The protocol launched a project — MINEBTC. It is a tokenized BTC mining land that is backed by a hydro-powered Bitcoin mining farm. It owns digital land and earns Bitcoin passively. It conducted its first launchpad sale for the $MINEBTC token — where it achieved a 320x return for IDO participants on day one of its launch. However, it has lost 6x of its market cap since its launch. It currently has a $920k market cap.
In 2025, their focus is on launching and expanding the $DEPIN ecosystem. The H1’25 includes the Token Generation Event (TGE), node sales, an affiliate program, a launchpad of projects, staking rewards, and a marketplace for tokenized assets. In H2’25, the protocol plans to introduce equity tokenization, secure regulatory approvals, build institutional partnerships, and optimize according to user feedback.
I personally will look forward on the launchpad projects the protocol is focusing on — solving a large-scale real-world problem.
Plural Finance works with renewable energy developers (mostly solar) who are looking for capital funding to connect them with individuals discovering renewable energy projects to invest in. It states that it lists projects that have good historical performance and rejects those that are bad.
Plural is SEC-compliant — registered transfer agent and works directly with SEC-registered broker-dealers, KYC providers, Anti-Money Laundering Technology, and more for investor confidence.
It currently offers a Deal-by-Deal service. However, they are looking forward to launching Fund Token and Secondary Marketplace to expand and have ease in the accessibility of its offerings.
Recent Project - Plural Finance tokenized the Opdyke Microgrid Deal, making institutional quality clean energy investment accessible to investors. Blockchain has reduced administrative costs, automated compliance processes, and enhanced transparency. The protocol structured the deal traditionally with stable cash flow, priority returns, and clear exit options.

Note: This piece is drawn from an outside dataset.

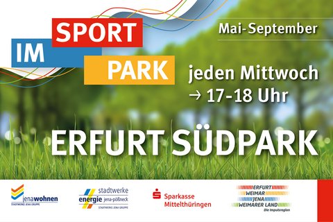 „Sport im Park“ ist ein offenes, kostenloses und unverbindliches Sport- und Bewegungsangebot für die Bürger in Thüringen, in Erfurt, in DEINER Stadt. Das Konzept ist denkbar einfach: Mitmachen – Ausprobieren – Spaß haben! Egal ob Anfänger oder erfahrene Sportler. Die Impulsregion bietet mit dieser Veranstaltungsreihe ein abwechslungsreiches und kostenloses Gesundheits- und Fitnesstraining für alle Altersgruppen, Outdoor und bei jedem Wetter. Angeleitet durch qualifizierte Übungsleiter/innen, erwartet Sie ein abwechslungsreiches Sportangebot von Aerobic bis Zumba.

The Opdyke Microgrid Deal offers investors mid-teen returns (12-14% IRR) through a 20MWAC solar and 97MWh battery storage project in Texas, powering a biofuels facility via microgrid.
Lately, the team had announced their acquisition of Northstar Financial Services LP, a FINRA-registered broker deal — renamed as Plural Brokerage LLC. By owning a broker-deal, Plural can facilitate securities transactions in-house — making their security token offerings more compliant and faster.
Plural aims to tokenize over $100 million in assets in 2025, making it easier for institutional and retail investors to fund clean projects. This project is built on the Ethereum blockchain, and the team has raised $2.33 million in pre-seed funding.
Plural stands right in the middle of financing energy assets, positioning itself by enabling mid-size renewable energy projects to raise funds from investors on-chain. Plural looks at small-scale projects (like rooftop solar installations), development-stage renewables, operating renewables (which need additional fundraising), and unconventional clean energy projects like AI-powered batteries and Bitcoin mining operations integrated with renewable energy.
I think its value proposition is on point. It makes it less attractive for large-scale energy investors but exciting for individual/retail or institutional investors (small-to-mid-size). Apart from solar, the team is also looking into renewable energy sources like wind and hydropower — an untapped opportunity.
Penomo is similar to other projects, focused on tokenizing solar farms, wind farms, and storage batteries. Penomo partnered with regulated entities, ensuring adherence to BaFIN (Germany) and EU securities regulations — enabling tokens to be legally distributed to retail investors in the EU and institutional investors worldwide.
It digitizes the onboarding process and assesses the financial viability of each project through cash flow modeling. It provides real-time monitoring of tokenized assets, enabling transparency and returns on the performance of the invested projects. Its total asset value is more than $200 million — which is just scratching the surface!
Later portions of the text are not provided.